Law and Business Associations I (Kubasek pp. 127-135)
-Different forms of business organizations:
-Sole Proprietorship: an unincorporated business owned and run by one individual with no distinction between the business and the owner (so the owner is entitled to all of the business’s profits and liable for all of its debts and losses). Profits are taxed as the owner’s income. The sole proprietor has unlimited liability.
Advantages
-only one individual is involved
-total control belongs to that individual and s/he may dissolve the business at any time
-Subject to less government regulation
Disadvantages
-Unlimited personal liability
-the individual pays all taxes on business profit
-ownership cannot be transferred
-General Partnership: a voluntary association of two or more people formed to carry on a business as co-owners for profit. Like a sole proprietorship, profits are taxed as the partners’ income. The partners are entitled to their shares of the partnership’s profits (equal shares, unless their partnership agreement specifies otherwise), and are liable for all of the partnership’s debts and losses. The partners in a general partnership have unlimited liability.
-Limited Partnership: aka Limited Liability Partnership, abbreviated LP or LLP. A business organization that has at least one general partner and at least one limited partner. The general partner operates like an owner of a general partnership – unlimited liability, but also entitled to unlimited profits from the business. The general partner (or partners) operate and manage the business and have control over it. The limited partner, on the other hand, has limited liability (meaning liability is limited to his/her capital investment), and is entitled to a return on that investment. The limited partner is an investor and cannot operate or manage the business on a day to day basis. If the limited partner becomes too involved, s/he could become a general partner against his/her will (for example, if the limited partnership got sued and the plaintiff – or a general partner – wanted to argue that the limited partner was involved in running the business and, therefore, should not be entitled to limited liability).

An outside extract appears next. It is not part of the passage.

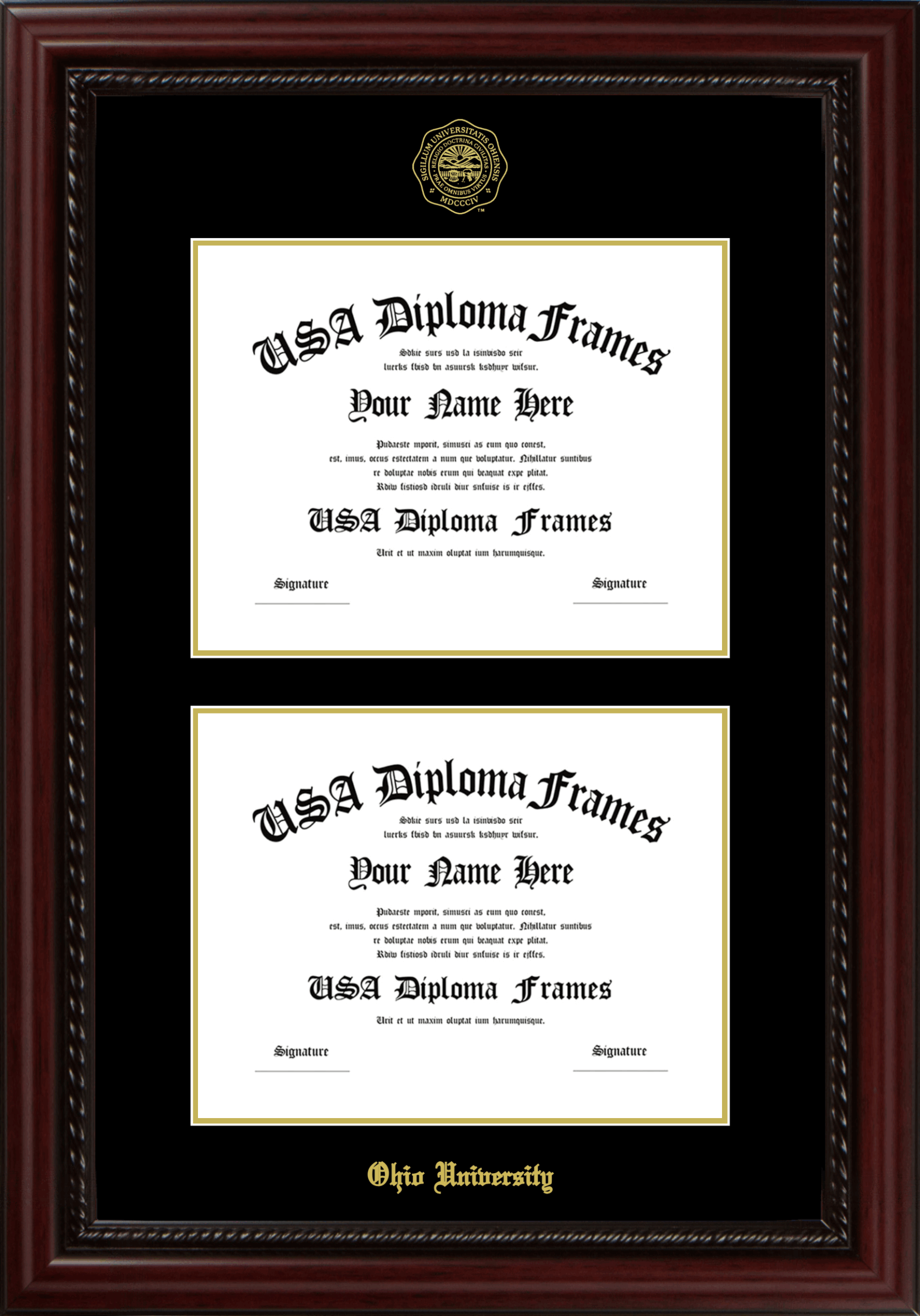 Ohio University – Double Document Vertically ( 8 1/2″x11″ , 8 1/2″x11″ ) – Executive Cherry Rope – Black Mat – Gold Accent Mat – With Seal(University Seal Gold) – With Gold Embossing (Ohio University)

-Public Corporation: a corporation whose stock is publicly traded on a national securities exchange (or multiple national securities exchanges). There are typically numerous shareholders who are simply investors with little control over the operation of the corporation. Control over operation of the public corporation rests with the corporate officers and managers (who may own stock in the corporation but not a controlling amount), and broad policy decisions are set by the board of directors. Liability for shareholders is limited to the amount of their investment (so limited liability). Earnings are typically taxed twice: once as corporate profits, and then dividend payments to shareholders are taxed as those shareholders’ income.